Önce iri bir leke gibi duran
kadın, sonra rastgele merdivenlere bırakılmış sepetler. Altın
sarısı aydınlık demeti; öylesine sere serpe uzanan som altın gövdeler.
Onlar aldırmasa da, gözler
üzerlerinde gezinecek, saplarından tutulacak, kaldırılıp indirilecek,
elde nasıl durduğu görülecek, fiyatı düşünülecek nihayet satıcısına
sorulacak. Sepetler artık yük taşıma işine yaramıyorlar; bir an
önce modernliğe fırlamak isteyen kasaba kökenli metropol sakinlerinin
evlerinde, geçmişle aralarına koydukları mesafenin bir nişanesi
olarak, asıl işlevinden uzaklaştırılmış bir halde bulunuyorlar.

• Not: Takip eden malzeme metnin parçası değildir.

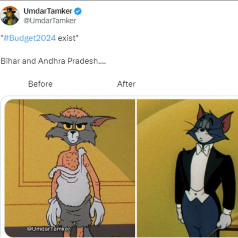 The Budget 2024 announcement by Finance Minister Nirmala Sitharaman sparked a wave of humorous memes across social media, particularly focusing on the financial aid allocated to Andhra Pradesh and Bihar. The memes creatively depicted the “emotions” of other Indian states in reaction to the significant funding boost for these regions.
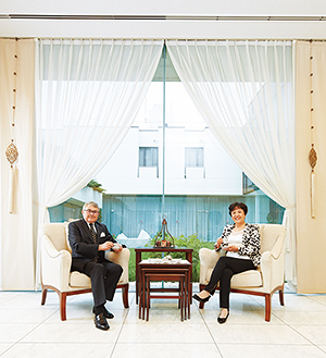 鮮やかな芝生の庭に面した大使公邸の広間にて。夫婦は時間があると一緒に散歩を楽しむ。コーヒーブレイクをはさんで2~3時間歩くことも珍しくないのだとか。
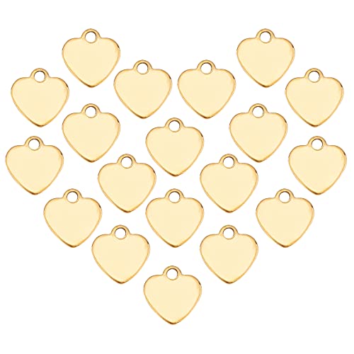 UNICRAFTALE Circa 50pz di Ciondoli A Forma di Cuore In Acciaio Inossidabile con Taglio Laser, Charms In Metallo con Tag In Bianco, Pendente Motivo A Cuore Goden per Ciondolo Collana e Orecchini
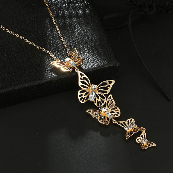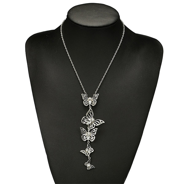 Enrich your fashion accessories collection with this necklace. Two colors for your optional:gold color and silver color. The hollow out butterfly pendant design makes it look so vivid and attractive. So why not boost your charm with the help of this necklace.
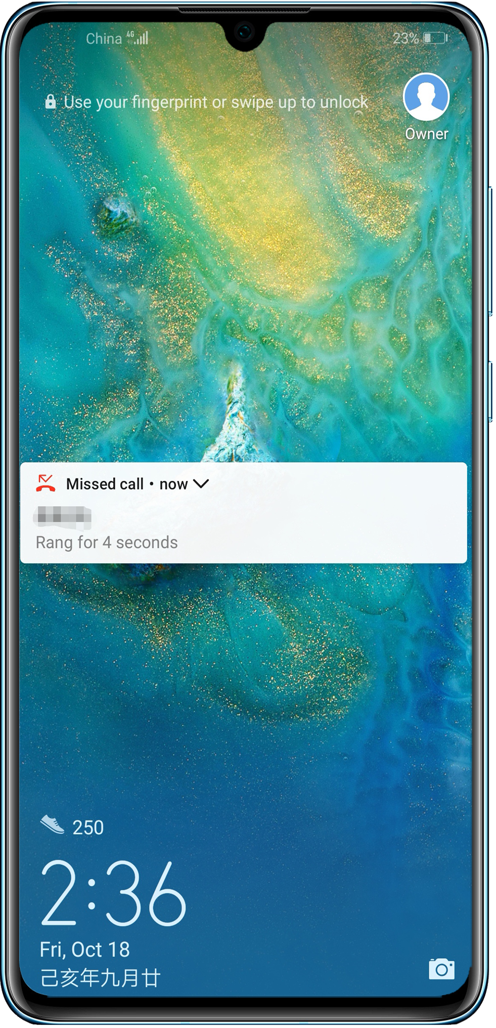 На следующих изображениях показан случай, когда на экране блокировки есть уведомление о пропущенном вызове, и случай, когда его нет.

Köşede gazetelik olabilirler ya da duvara asarsınız hanımefendi.
Nasıl olsa renkli yün çoraplarının, kurutulmuş buğday başaklarının,
işlemeli yazmaların yanında bir yer de küçük bir sepete bulunabilir.
Hem satın alınmak istenen bir sepet değil o, 'Ah, ne güzel!' nidaları,
'Çok hoş' diyen bir gülümseyiş bekliyor yalnızca. Merdivenin beşinci
basamadığındaki kadın da o sepetlerden almayacak. Her gün oradan
gelip geçerken yorgunluk gidermenin bir vesilesi olarak dönüp
sepetlere bakanlardan birisi. Soluklanırken seyirlik nesnelere
yönelme halinin rastgele örneklerinden işte, bilirsiniz. Fotoğraf
makinesi, zamanı kemendiyle tutmaya çalışan mitoloji kahramanının
yerine ikame edilse de hayat sürüyor. Kadın az sonra gitti, sepetler
akşam üzeri yeniden içeri alındılar.
Siz de şimdi bir başka resme geçmediniz mi?